Enough of your fanboyism **** here. now, there is a separate websites for these rants and you will be most welcome there.

Note: If you want to do anything except ranting about non-apple users on forums, please don't buy a mac!!!


----------



## desiibond (Jul 29, 2009)

cyborg47 said:


> @harshgayatri....u play games??



LOL. he is a super advanced user who uses safari and safari and safari. Gaming is too basic. he won't do that.


----------



## desiibond (Jul 29, 2009)

hellknight said:


> First of all.. please mind your language.. secondly.. no OS wars here.. and thirdly.. the spelling of Crysis is wrong.. no wonder why you got a Mac...



he is just a kid who wants to prove a point that n00bs still exist in this forum


----------



## SunnyChahal (Jul 29, 2009)

Another Windows 7 thread turned into a warzone....... It's getting so monotonous now!


----------



## desiibond (Jul 29, 2009)

anyways, let's come back to the original topic. 

has anyone tried using win7 media center. After the recent Engadget review, I am thinking of trying to use it as primary media application. 

Will post my experience with that soon.


----------



## cyborg47 (Jul 29, 2009)

yeah i installed windows 7 x64 this morning...everything is just smooth, performance is just great compared to vista (oh forget vista!)..havent tried any games yet, will install crysis today....the video quality is brilliant (wonder what MS did to media player)


----------



## desiibond (Jul 29, 2009)

^^I am playing all the games on win7 RC and till now haven't faced any issues. No crashes nothing.

It certainly is the best OS since ice age


----------



## SunnyChahal (Jul 29, 2009)

desiibond said:


> anyways, let's come back to the original topic.
> 
> has anyone tried using win7 media center. After the recent Engadget review, I am thinking of trying to use it as primary media application.
> 
> Will post my experience with that soon.

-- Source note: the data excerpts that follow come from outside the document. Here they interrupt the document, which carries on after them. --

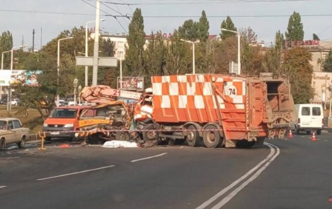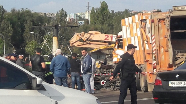 В Одессе в результате ДТП мусоровоз раздавил автовышку, есть жертвы
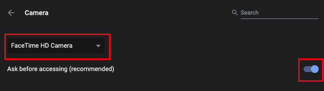 Ensure that FaceTime HD Camera or Internal Built-in Camera is selected in the drop-down. If the toggle switch at the right is off, click on it so that the text changes from Blocked to "Ask before.."
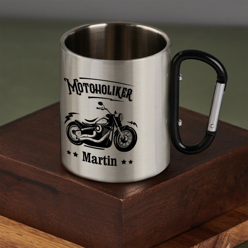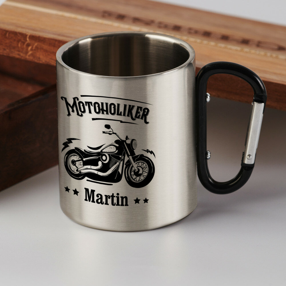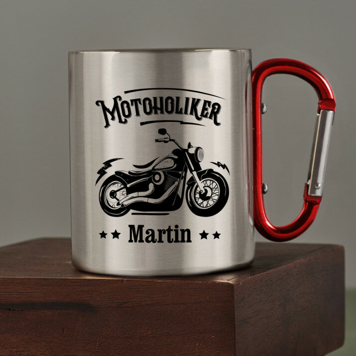 Glänzender Stahlbecher mit doppelten Wänden und buntem Aufdruck. Durch die hochqualitative Verarbeitung und elegante Ausführung eignet er sich perfekt für Reisen und Zuhause. Der Becher wird raue Bedingungen überleben und immer gut aussehen! Er hat ein schwarzes Metallhenkel, das auch ein Karabiner ist, mit dem Sie den Becher beispielsweise an einem Rucksack befestigen können.Maße: Fassungsvermögen ca. 300 ml, Durchmesser 7,5 cm, Höhe 9 cm
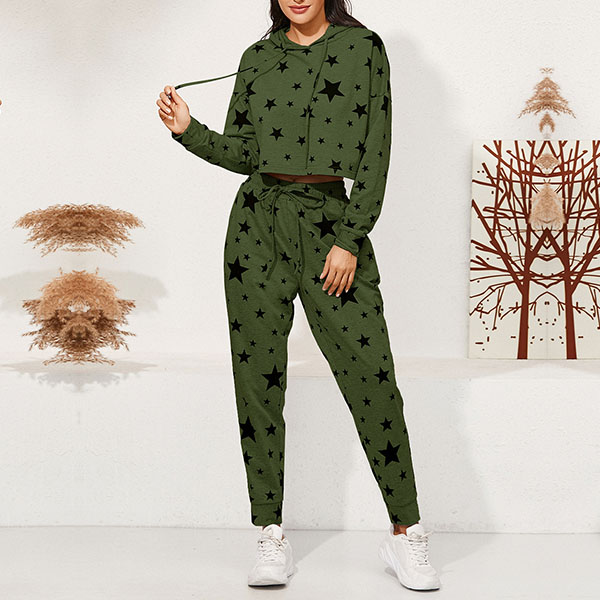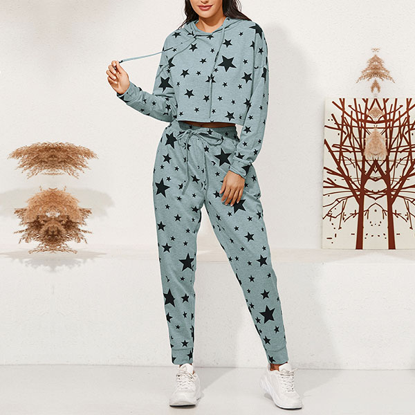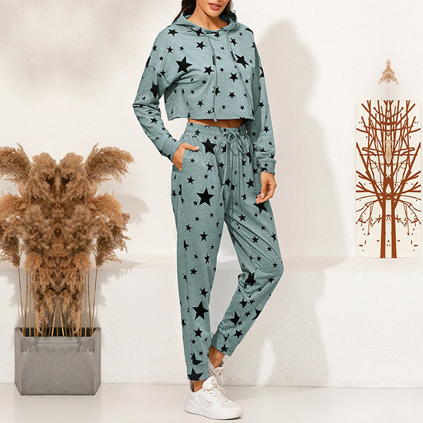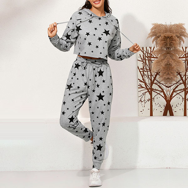 As for a laid-back yet stylish daily style,you can just slip into this two-piece set. The star printed details make it look so eye-catching and stylish. Including a long sleeve hooded sweatshirt and a pants,its soft and breathable fabric can ensure you a comfortable day. Start your wonderful day with this two-piece set.
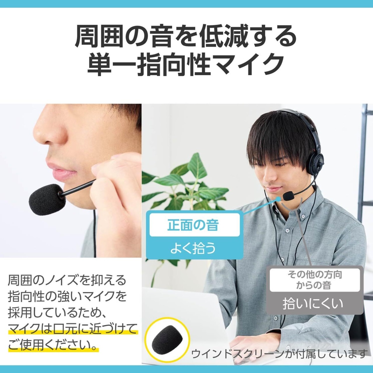 コンパクトに収納できる折りたたみ式で、かばんなどに入れやすく持ち運びにも便利な両耳オーバーヘッドタイプのヘッドセットです。USB Type-C(TM)対応のパソコンやスマートフォン、タブレットはもちろん、付属のUSB-A変換アダプターを使ってUSB-A対応のパソコンでも使用が可能。単一指向性マイクによるノイズキャンセリング性能で、自分の声を通話相手にクリアに届けることができます。外出先でのWeb会議などに便利です。
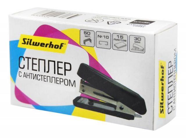 Степлер мини Silwerhof N10 (15листов) встроенный антистеплер черный 50скоб пластик закрытый коробка
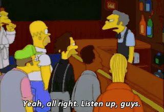 Yeah, all right. Listen up, guys. The Springfield Police have told me that 91% of all traffic accidents... are caused by you six guys. I knew we could do it!
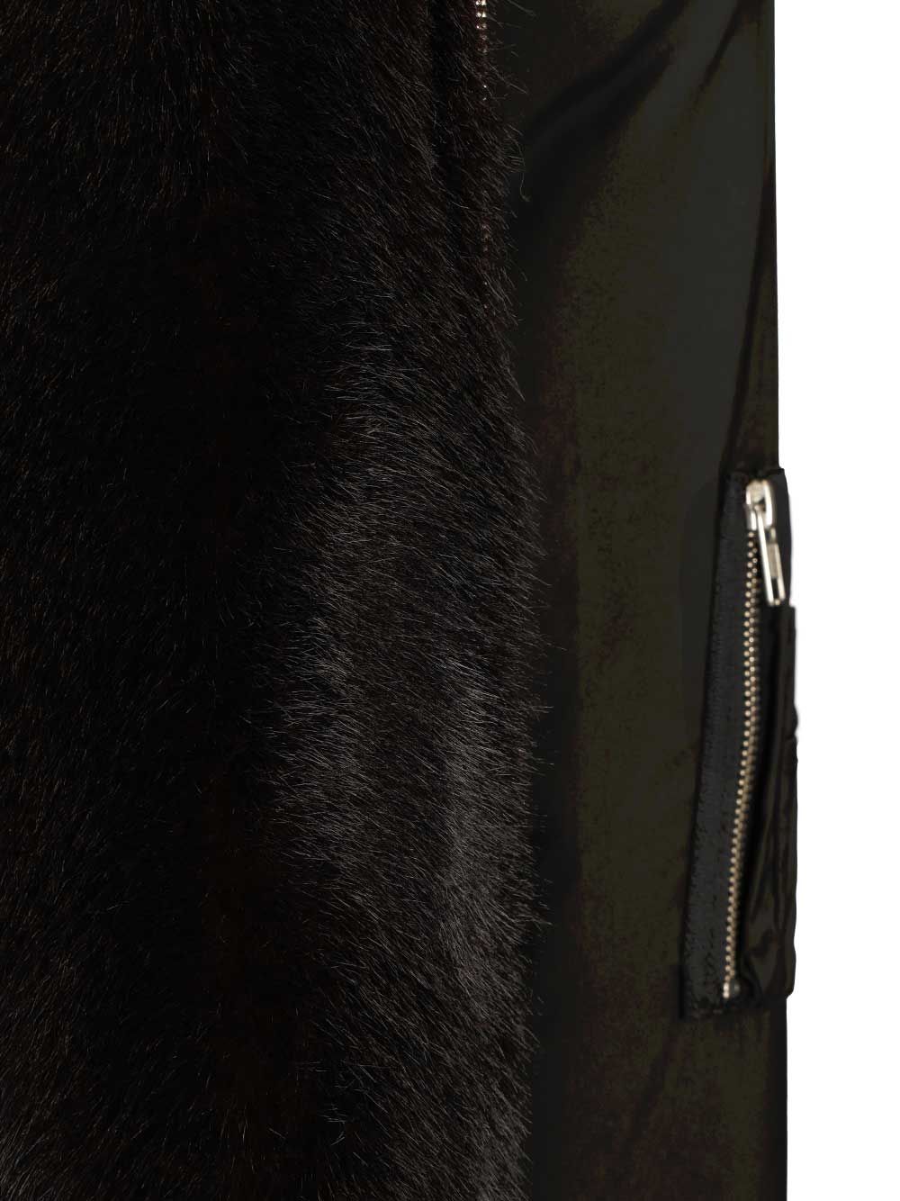 Bomber jacket with faux fur trim from MM6 Maison Margiela, featuring a zip fastening at the front, ribbed cuffs and hem, side flap pockets with snap buttons, a zipped storage pocket at the sleeve, a faux fur collar, cuffs and hem and a white stitching line at the back.
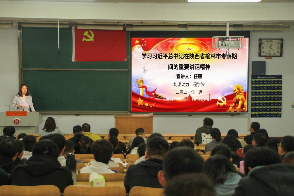 2021年10月12日下午,能源动力工程学院在勤学楼08101H教室举行党史学习教育理论学习会。本次会议由院党委副书记任雁同志领学,学院全体教职工和各班学生代表约180余人参加了会议。
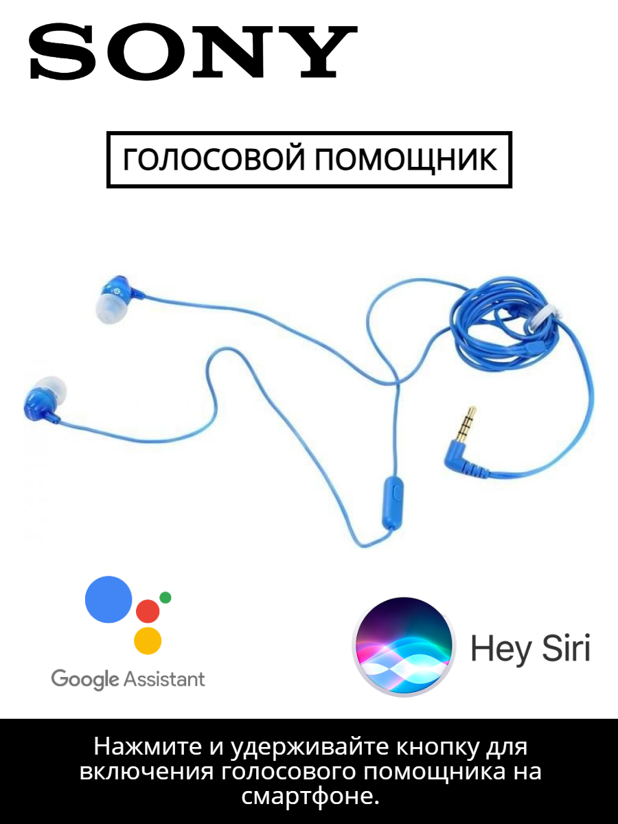 Наушники SONY MDR-EX15AP/LI проводные, вакуумные, 1,2м, синий
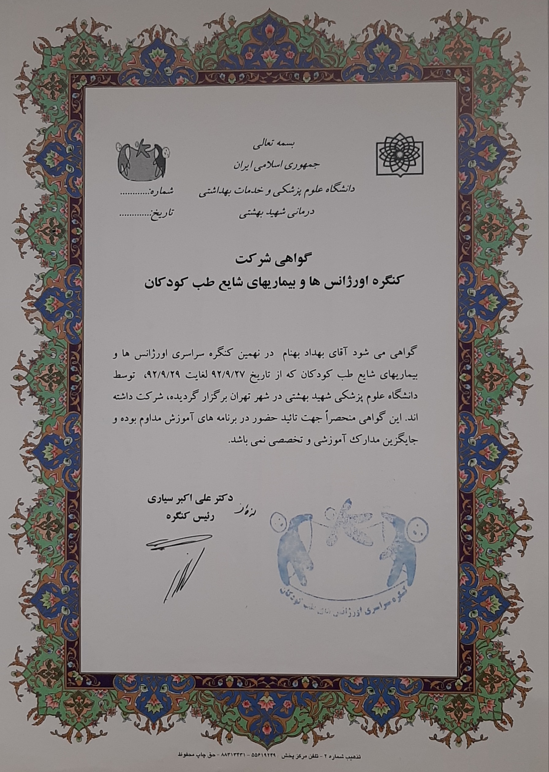 فارغ التحصیل پزشکی عمومی از دانشگاه علوم پزشکی شهید بهشتی (سال ۱۳۹۶)

What the hell? You aren't using WMC as your primary media application as yet? It's 'the' best I suppose.


----------



## desiibond (Jul 29, 2009)

no yaar. not yet. Had few issues with it when it was in Beta stage and been using JetAudio (which is good for ripping movies and moving content to my Cowon D2) but yes the look was brilliant. Am surely gonna try it out today.


----------



## cyborg47 (Jul 29, 2009)

damn this..crysis game doesnt work but the editor works..lol...


----------



## desiibond (Jul 29, 2009)

?? I played full game on win7 x64.


----------



## cyborg47 (Jul 29, 2009)

im using 7600 build..


----------



## hellknight (Jul 29, 2009)

WMC crashes on my system everytime i try to launch it.. i'm using 32-bit build 7100... any remedies.. i've not installed any codec pack though...


----------



## desiibond (Jul 29, 2009)

cyborg47 said:


> im using 7600 build..



hmm. okay. install latest Crysis and GPU updates and check??


----------



## cyborg47 (Jul 29, 2009)

damn...no games are working well....crysis didnt even start, warhead ran well in the begining, but started crashing later, now race driver GRID doesnt work at all....


----------



## azaad_shri75 (Oct 21, 2009)

^^ spammer ban him, already reported.


----------



## sxyadii (Oct 23, 2009)

cyborg47 said:


> damn...no games are working well....crysis didnt even start, warhead ran well in the begining, but started crashing later, now race driver GRID doesnt work at all....


Bro.. GRID is working on Window 7 Build 7600 64BIT... I m playing ...


----------